Shami Radia und Neil Whippey mit Rezepten von Sebastian Holmes
Exotische Köstlichkeiten - Das ultimative Insektenkochbuch
(Eat Grub, 2016)
Übersetzung: Christine Heinzius
LV Buch, 2017, Hardcover, 192 Seiten, 24,95 EUR, ISBN 978-3-7843-5477-4
Rezension von Irene Salzmann
Auf der Erde leben nahezu acht Milliarden Menschen. Schon als ihre Zahl im 20. Jahrhundert noch sehr viel kleiner war, gab es das unlösbare Problem, alle ernähren zu können. Trotz moderner Technologien und der durchaus erfolgreichen Suche nach neuen Ressourcen reichen die Möglichkeiten nach wie vor nicht aus, und der Klimawandel verschärft die Situation zusätzlich. Die Folgen erleben wir gegenwärtig in Form der Klima- und Wirtschaftsmigration.
Ernährungswissenschaftler sind daher damit befasst, neue Nahrungsmittel zu finden, die preiswert, schnell und in großer Menge produziert werden können. Dazu gehören beispielsweise Algen und Tang („Jahr 2022… die überleben wollen“…), aber auch Insekten, die in Teilen von Asien und tropischen Ländern schon lange auf dem Speisezettel stehen.
Dass man diese Nahrungsmittel in der westlichen Welt nicht sonderlich schätzt oder mit einem ausgeprägten Gruseln verbindet, liegt zweifellos daran, dass es in diesen Regionen weniger essbare Arten gab und gibt und man etwas, das als Schädling erachtet wird, das man zudem mit Ekel betrachtet, auch nicht essen möchte. Man denke an Kirschen mit Maden - einmal gesehen, dann mag Mancher im Restsommer keine Kirschen mehr essen.
Hier bewahrheitet sich der Spruch: „Was der Bauer nicht kennt, frisst er nicht“. Dabei gibt es auch in Europa Speisen, die nicht jeder mag, beispielsweise in Frankreich Froschschenkel und Weinbergschnecken oder auf dem Balkan Innereien (Kutteln). Umgekehrt werden einige unserer Speisen von anderen Kulturen abgelehnt wie Schweinefleisch (Moslems) und Rindfleisch (Hindus) oder auch die Zubereitung (kein Schächten, große Fleischstücke statt Geschnetzeltes).

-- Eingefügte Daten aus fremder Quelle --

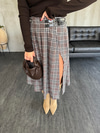 Çift Kemer Detaylı , Yırtmaçlı , Kahverengi Ekoseli Etek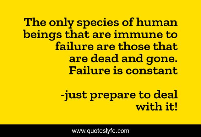 This page presents the quote "The only species of human beings that are immune to failure are those that are dead and gone. Failure is constant". Author of this quote is just prepare to deal with it!. This quote is about israelmore ayivor, the great hand book of quotes,.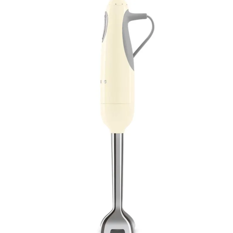 Kremfarget stavmikser HBF11, fra Smeg – uten ekstra deler – i 50`s Retro Style. Flotte designelementer til ditt kjøkken, der estetikk og funksjonalitet i høysetet! Stavmikseren kan brukes til alt mulig matlaging, eksempelvis mose poteter, lage dressing, supper og vispe krem.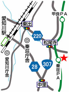 近江鉄道本線愛知川駅を出て北へ約120m行った所の交差点を右折し、県道28号線を東へ約6.8km行った所の中里の交差点を左折し、国道307号線を約3.7q行った所の松尾寺の交差点を右折し道なりに約500m進んだ所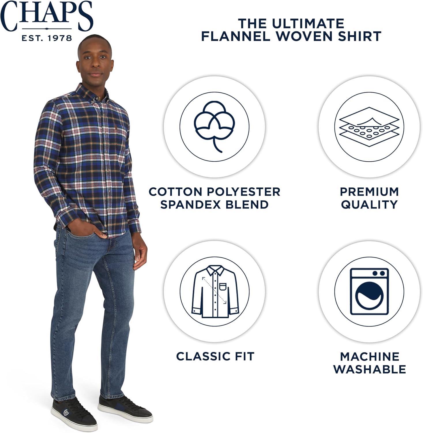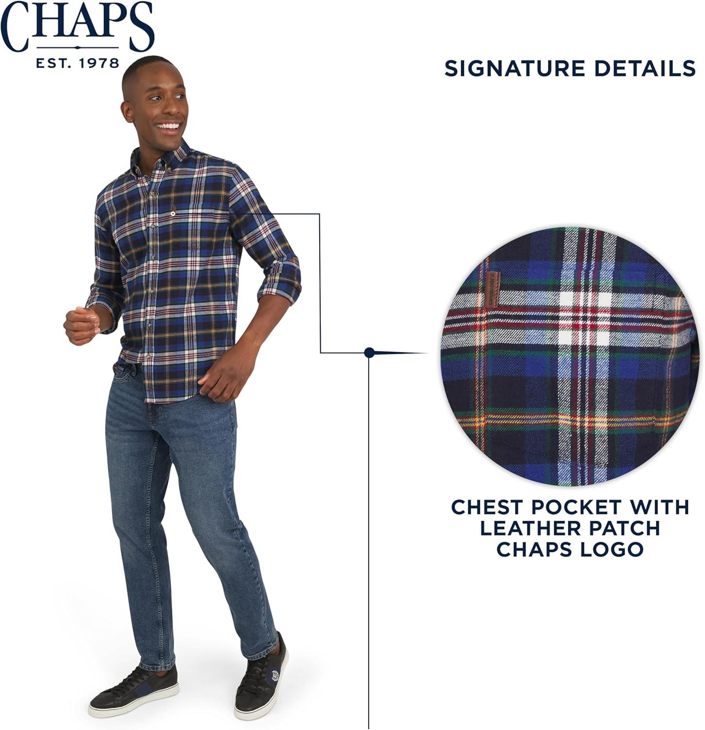 Chaps Men’s Classic Fit Long Sleeve Button Down Stretch Flannel Casual Woven Shirt(Blue Multi)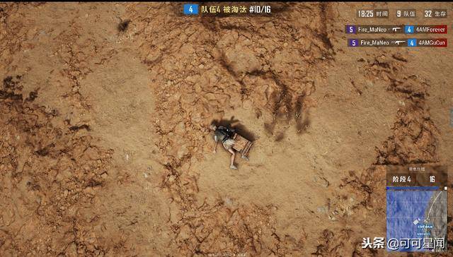 在蓝白圈的时候,4AM选择徒步进圈,韦神先被VC的夏天给打倒并直接补掉,孤存一枪放倒一个,但位置被Fire发现,孤存和永远直接被Fire打掉,4AM淘汰。说实话,4AM上一把的圈运还算可以,但是自己没有抓住机会运营好,而这把的圈运就真的是天谴了,一直在吃电转移的路上,到灭队都没有成功进到安全的位置,更不用说拿到击杀人头什么的了,所以4AM这把的游戏体验可以算是很差了。其实,如果一开始转移的时候不去吃电绕圈,而是直接直线进去,即使很早被灭队,但说不定还能拿到几个击杀分,毕竟一开始跳的中心点,直线进圈还是不远的。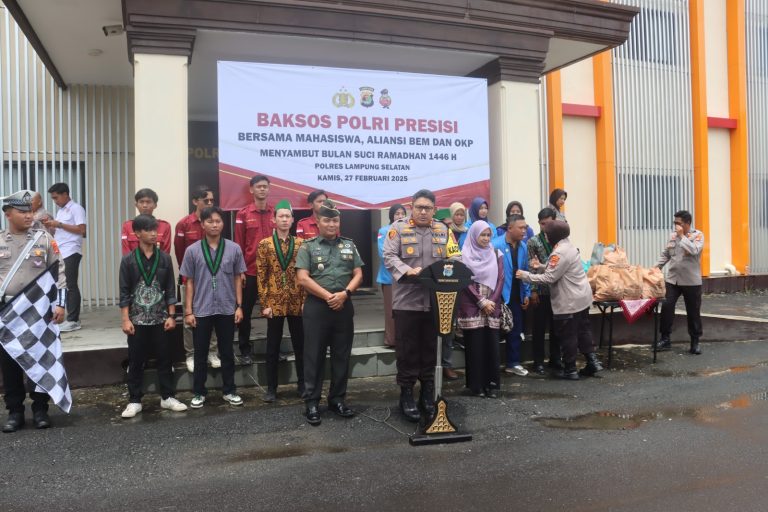 Lampung Selatan,– Polres Lampung Selatan bersama mahasiswa, Aliansi BEM, dan organisasi kemasyarakatan pemuda (OKP) menggelar Bakti Sosial (Baksos) Polri Presisi bagi masyarakat terdampak bencana alam di Lampung Selatan, Kamis (27/2/2025).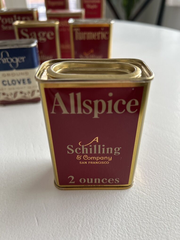 A fun bit of nostalgia to place in your kitchen! I just emptied the remaining contents of these old containers. (Except the liquids which are now mostly solid. And the box of mustard seeds) There was even the ad (pictured) with an old recipe. Sold together for you to enjoy!

Es ist also abhängig von der Kultur, was man isst, und zudem von der Erziehung. Dennoch gibt es Weltenbummler, die fähig sind, über ihren eigenen Schatten zu springen und ungewöhnliche Speisen zu probieren - denn wenn es die Einheimischen essen und mögen, warum sollte es dann nicht auch für den Gast schmackhaft sein? Zumal die Insektenküche oft nicht aus einer Notwendigkeit entstanden ist, sondern eine Bereicherung des ohnehin sehr abwechslungsreichen Speisezettels in jenen Ländern darstellt.
Die Autoren von „Exotische Köstlichkeiten - Das ultimative Insektenkochbuch“ haben sich ausgiebig mit diesem Thema befasst. Der Koch Sebastian Holmes hat viele Länder bereist, die dortigen Spezialitäten kennengelernt und seine Erfahrungen bei der Entwicklung der hier gesammelten Rezepte mit in die Waagschale geworfen.
Beim Lesen hat man immer wieder den Eindruck, dass bekannte Speisen als Vorlage dienten und man nur das eine oder andere durch Insekten ersetzt oder mit ihnen ergänzt hat. Ließe man sie als Zutat weg oder würde sie durch etwas Vertrautes ersetzen, erhielte man ein ganz ‚normales‘ Gericht.
Das Buch schildert eingangs die Motivation der Autoren. Als Einführung in die Insektenküche dienen Erläuterungen, in welcher Form welche Insekten Verwendung finden können, zum Beispiel als Mehl, Püree, Salz, Frittiertes und Gebackenes. Auch die verschiedenen verwertbaren Insektensorten werden vorgestellt - natürlich nur eine kleine Auswahl, denn in jenen Ländern, die traditionell ihre Küche damit bereichern, finden sich sehr viel mehr Arten (nebenbei: auf leckere Spinnen wurde dankenswerterweise verzichtet…).
Der Rezeptteil wartet auf mit „Snacks“, Ideen für „den kleinen Hunger“, „Hauptgerichte“, „Soßen, Dips, Dressing und Pasten“, „Desserts“ und „Cocktails“.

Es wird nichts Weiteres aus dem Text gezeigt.